The story goes that Abraham had his tent open on all sides, to welcome guests. When I was religious, it was a mandate to invite guests for holiday and Sabbath meals, to give guests a place to sleep, to welcome others into the fold.

In some communities, it’s about sharing the faith, welcoming others into what you believe. For me, hospitality is all about being open, welcoming new ideas, new perspectives, new stories.

This weekend, I am speaking at the Oakland University-hosted Hospitality Initiative about my new bread book. My book, The Flavors of Faith: Holy Breads, features stories of how bread is symbolic, significant and special to the faithful in a variety of communities and traditions.

It’s about where we come together, how we are similar. 

Too often, we focus on what divides us – even within our own religion. The judgment filter bows under weight from the utterances of people convinced their way is the only way. Absolutely not. I have long believed that we are all saying the same thing, just with different words.

We all share a desire for higher meaning, for purpose, for inspiration.

We all share a love of being loved, of bestowing love, of nourishing others, of the satisfaction when someone else reclines at your table, belly full, heart expanded, all because of you.
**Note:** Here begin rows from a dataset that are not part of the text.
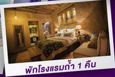
พักโรงแรมถ้า 1 คืน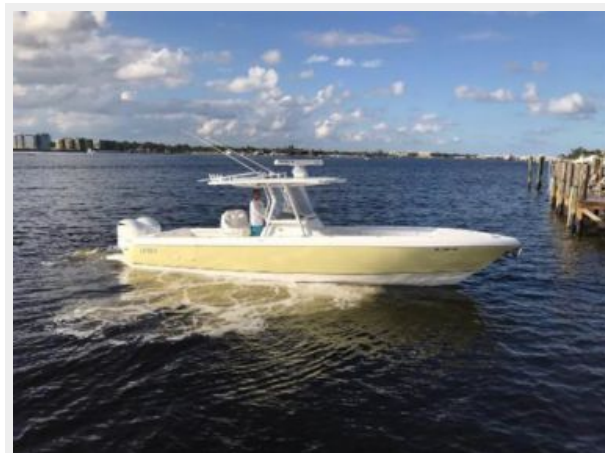
327 Intrepid | Starboard side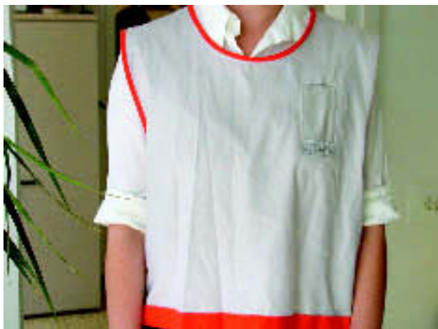
L'armilla que identifica els pacients de Psicogeriatria. M.A.

En el Centre Albada s'ha dissenyat una armilla identificativa per aquells pacients de la Unitat de Psicogeriatria que, tot i que romanen en unes dependències d'accés restringit per la seva patologia, poden sortir a passejar amb vigilància. L'objectiu és que en cas de pèrdua puguin ser identificats fàcilment.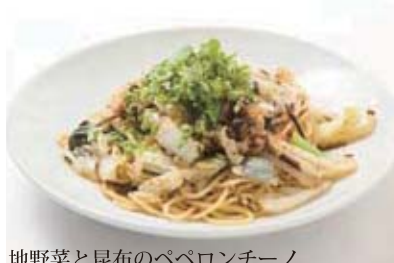
地野菜と昆布のペペロンチーノ セット 1,180円 (単品 780円)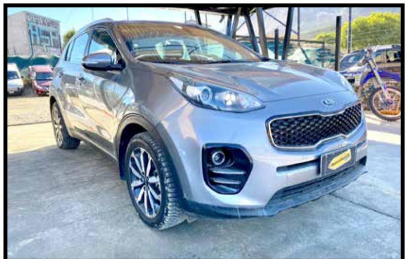
KIA SPORTAGE 2018 AT 4X2 KM 50000. ENTREGA MINIMA DESDE $ 1.990.000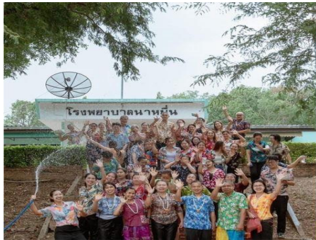
สุขสุขภาพดี

เครือข่ายพัฒนาสุขภาพระดับอำเภอหนามื่น จังหวัดน่าน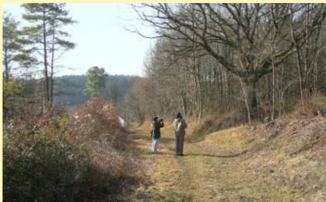
Paysage en lisière de la forêt de la Guerche

Au bout du chemin, à l'orée de la forêt, l'alouette des champs, le gobe-mouche gris, la grive draine et la buse dans la prairie et les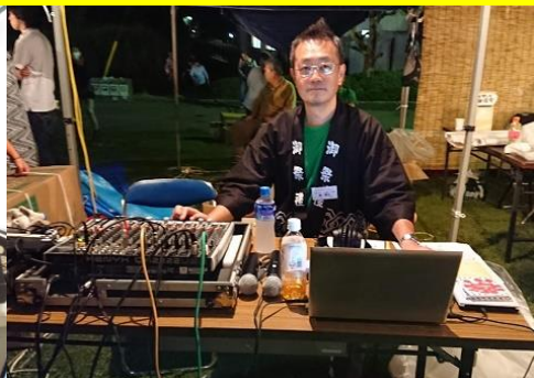
みどりが丘の「きららまつり」今年も無事終了。

We all feel good when we give of ourselves. We all feel a sense of purpose when we volunteer time and make donations.

We share more in common than we realize. Our hearts beat with the same fierceness, our breaths ease in and out like ocean waves, all of us.

The crescendo of feelings is on the same bell curve when we are fearful, when we lose someone dear, when we celebrate accomplishment, when we reach milestones.
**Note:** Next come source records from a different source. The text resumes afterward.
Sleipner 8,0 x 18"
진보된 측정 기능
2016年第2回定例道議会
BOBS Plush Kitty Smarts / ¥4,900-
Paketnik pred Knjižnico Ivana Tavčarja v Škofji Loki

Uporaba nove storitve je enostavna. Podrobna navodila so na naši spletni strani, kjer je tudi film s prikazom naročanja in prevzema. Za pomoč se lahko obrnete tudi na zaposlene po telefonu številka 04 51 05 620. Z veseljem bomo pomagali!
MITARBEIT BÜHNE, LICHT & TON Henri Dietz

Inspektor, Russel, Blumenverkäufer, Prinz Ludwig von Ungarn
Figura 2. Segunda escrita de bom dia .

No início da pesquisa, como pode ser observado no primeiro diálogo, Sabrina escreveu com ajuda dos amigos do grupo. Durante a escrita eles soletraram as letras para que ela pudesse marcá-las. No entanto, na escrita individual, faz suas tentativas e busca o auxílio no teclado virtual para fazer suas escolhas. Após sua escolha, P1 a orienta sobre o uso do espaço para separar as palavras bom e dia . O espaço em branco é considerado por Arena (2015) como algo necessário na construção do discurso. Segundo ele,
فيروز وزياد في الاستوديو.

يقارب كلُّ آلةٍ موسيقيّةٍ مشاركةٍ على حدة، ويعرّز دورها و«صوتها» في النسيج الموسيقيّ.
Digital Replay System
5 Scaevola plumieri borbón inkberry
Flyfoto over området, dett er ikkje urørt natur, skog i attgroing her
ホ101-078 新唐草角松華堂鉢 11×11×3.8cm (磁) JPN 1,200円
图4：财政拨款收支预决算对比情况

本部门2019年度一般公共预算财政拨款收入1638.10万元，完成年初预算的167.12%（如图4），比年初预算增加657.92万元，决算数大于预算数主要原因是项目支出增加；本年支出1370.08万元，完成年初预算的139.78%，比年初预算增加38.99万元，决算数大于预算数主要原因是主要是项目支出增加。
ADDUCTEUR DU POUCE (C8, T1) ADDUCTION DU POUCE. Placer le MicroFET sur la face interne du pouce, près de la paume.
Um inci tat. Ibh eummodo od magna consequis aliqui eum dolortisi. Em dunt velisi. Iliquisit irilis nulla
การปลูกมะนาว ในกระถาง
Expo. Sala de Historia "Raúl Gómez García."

We share the human journey and none of us – none of us – truly enjoys seeing another fall.

What connects us is our very own humanity. We all want to be connected in community and share the light of life. While I’m the first to admit I love my time alone, I know that it is connection and love which causes my blood to flow.

So tomorrow at 1:30 p.m., I’ll speak about the magic of bread – simply, flour, water and yeast – which elevates our existence, which connects us in its crumbs, which by its very presence makes an observance of holiday or Sabbath more than the mundane. And that’s what we’re all striving for: to pepper our lives with some spice, with some meaning, with some nuance of special.